In practice, it happens that for use in the wall it is impossible to fix the engine in another plane, then its rotation direction may not suit you. There is no need to despair. To change the direction of rotation of the motor from the washing machine, you just need to swap the ends of the stator winding and the field winding.

In order to be able to switch the direction of rotation of the engine during operation, you need to use a DPDT type tumbler. These are six contact toggle switches in which there are two independent contact groups (two poles) and two positions in which the middle contact connects to either one or the other extreme contact.Its internal circuit is depicted above.

The connection diagram of the engine from the washing machine with the ability to switch the direction of rotation is shown below.

You need to solder the wires from the brushes to the extreme contacts of the toggle switch, and to one of the middle contacts the wire from the stator winding, to the second - the network wire. The second end of the stator winding is still connected to the network. After that, you need to solder the jumpers to the free two cross-wise contacts.

Speed ​​adjustment

The revs of all the collector motors are easily adjustable. To do this, change the current through their windings.

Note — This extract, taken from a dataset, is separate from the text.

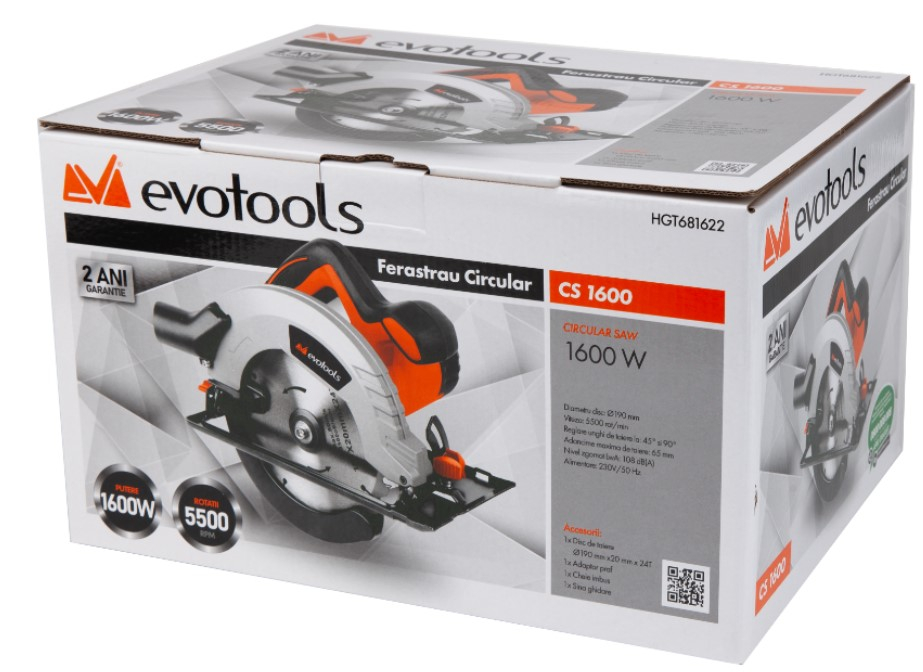 Puternic si compact, ferastraul circular cu motor de 1600W si o turatie de 5500 de rotatii pe minut asigura un randament ridicat la taiere.

This can be done by changing the supply voltage, for example, cutting off part of the phase, reducing the effective voltage value. This adjustment method is called the Pulse Phase Control System (SIFU).

In practice, you can use any household dimmer power 2.5-3 kW. You can use a dimmer for lighting lamps, but in this case, replace the triac with BT138X-600 or BTA20-600BW, for example, or any other with a 10-fold current margin relative to motor consumption, unless of course the initial characteristics are enough. You see the connection diagram below.

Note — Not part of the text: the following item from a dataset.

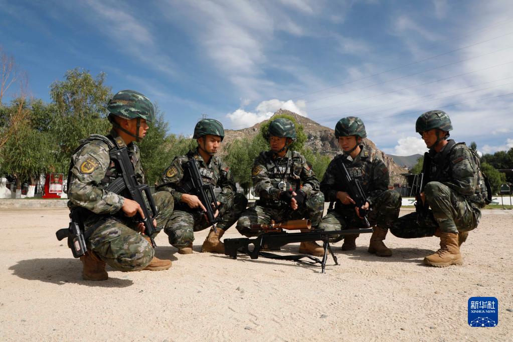 武警西藏總隊某中隊副小隊長楊友剛(中)進行狙擊教學(8月9日攝)。新華社發(李如輝 攝)

But for the simplicity of the solution you have to pay. Since we reduce the supply voltage, we limit the current. Accordingly, the power decreases. However, under load, the engine begins to consume more current in order to maintain the desired speed. As a result, due to the reduced voltage, the engine will not be able to develop maximum power, and its speed under load will drop.

To avoid this, there are special boards that maintain the given speed while receiving feedback from the speed sensor. It is those wires that we did not use in the circuits considered. This works according to an algorithm similar to this:

1. Checking the set speed.

2. Reading sensor values ​​and storing them in a register.

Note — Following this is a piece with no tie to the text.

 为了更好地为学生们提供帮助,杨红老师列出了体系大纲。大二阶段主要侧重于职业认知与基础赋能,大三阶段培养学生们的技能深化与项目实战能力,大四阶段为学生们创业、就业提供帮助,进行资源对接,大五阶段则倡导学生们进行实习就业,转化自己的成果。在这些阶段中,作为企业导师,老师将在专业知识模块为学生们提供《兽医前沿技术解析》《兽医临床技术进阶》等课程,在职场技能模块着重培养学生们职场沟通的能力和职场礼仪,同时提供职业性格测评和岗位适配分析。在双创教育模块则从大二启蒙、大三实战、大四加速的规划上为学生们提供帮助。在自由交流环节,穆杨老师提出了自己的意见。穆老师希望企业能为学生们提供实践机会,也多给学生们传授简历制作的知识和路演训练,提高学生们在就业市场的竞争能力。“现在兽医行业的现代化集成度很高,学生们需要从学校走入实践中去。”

3. Comparison of the sensor readings, real revs with the given ones.

4. If the actual speed corresponds to the set - do nothing. If the revs do not match then:

• If the revolutions are increased - increase the angle of cut of the SIFU phase by a certain value (lower voltage, current and power);

• If the revolutions are lowered, we decrease the angle of cut of the SIFU phase (we increase the voltage, current, and power).

And so it repeats in a circle. Thus, when you load the motor shaft - the system itself decides to increase the voltage supplied to the motor or reduce it when the load increases.

It’s not necessary to rush to develop such microcontroller devicesThere are inexpensive turnkey solutions. An example of such a device are built on integrated circuit TDA1085. An example of the connection diagram you see below.

Signatures here indicate:

• M - exit to the engine.

• AC - network connection.

• T - connection to the tachometer.

• R0 - current speed controller.

• R1 - minimum speed.

• R2 - maximum speed

• R3 - to fine-tune the circuit if the engine runs unevenly.

You can find more detailed instructions here - https://i.electricianexp.com/en/regulyator-oborotov-tda-instruktsiya.pdf

Scheme of the given board (click on the picture to enlarge):

Conclusion

Note that the collector, or as it is also popularly called, the brush motor from washing machines is quite high-speed, in the region of 10,000-15,000 rpm. This is due to its design. If you need to reach low revs, for example, 600 rpm, use a belt or gear drive. Otherwise, even with the use of a special controller, you will not be able to achieve normal operation.